[Stored items]
···

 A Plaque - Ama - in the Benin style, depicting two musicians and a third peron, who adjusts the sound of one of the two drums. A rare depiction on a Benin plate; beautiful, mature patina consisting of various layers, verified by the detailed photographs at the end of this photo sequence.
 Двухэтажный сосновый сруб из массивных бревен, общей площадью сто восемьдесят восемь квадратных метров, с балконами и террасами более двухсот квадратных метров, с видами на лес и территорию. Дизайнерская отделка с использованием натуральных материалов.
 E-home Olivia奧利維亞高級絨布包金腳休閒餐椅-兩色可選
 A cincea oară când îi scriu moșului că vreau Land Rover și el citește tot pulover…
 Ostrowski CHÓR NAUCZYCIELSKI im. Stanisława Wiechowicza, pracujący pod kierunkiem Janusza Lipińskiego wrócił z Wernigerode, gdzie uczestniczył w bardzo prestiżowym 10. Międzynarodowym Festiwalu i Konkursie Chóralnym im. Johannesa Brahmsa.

···

### Task prompt
Write the records out once more, exactly as shown.

### Answer section
 A Plaque - Ama - in the Benin style, depicting two musicians and a third peron, who adjusts the sound of one of the two drums. A rare depiction on a Benin plate; beautiful, mature patina consisting of various layers, verified by the detailed photographs at the end of this photo sequence.
 Двухэтажный сосновый сруб из массивных бревен, общей площадью сто восемьдесят восемь квадратных метров, с балконами и террасами более двухсот квадратных метров, с видами на лес и территорию. Дизайнерская отделка с использованием натуральных материалов.
 E-home Olivia奧利維亞高級絨布包金腳休閒餐椅-兩色可選
 A cincea oară când îi scriu moșului că vreau Land Rover și el citește tot pulover…
 Ostrowski CHÓR NAUCZYCIELSKI im. Stanisława Wiechowicza, pracujący pod kierunkiem Janusza Lipińskiego wrócił z Wernigerode, gdzie uczestniczył w bardzo prestiżowym 10. Międzynarodowym Festiwalu i Konkursie Chóralnym im. Johannesa Brahmsa.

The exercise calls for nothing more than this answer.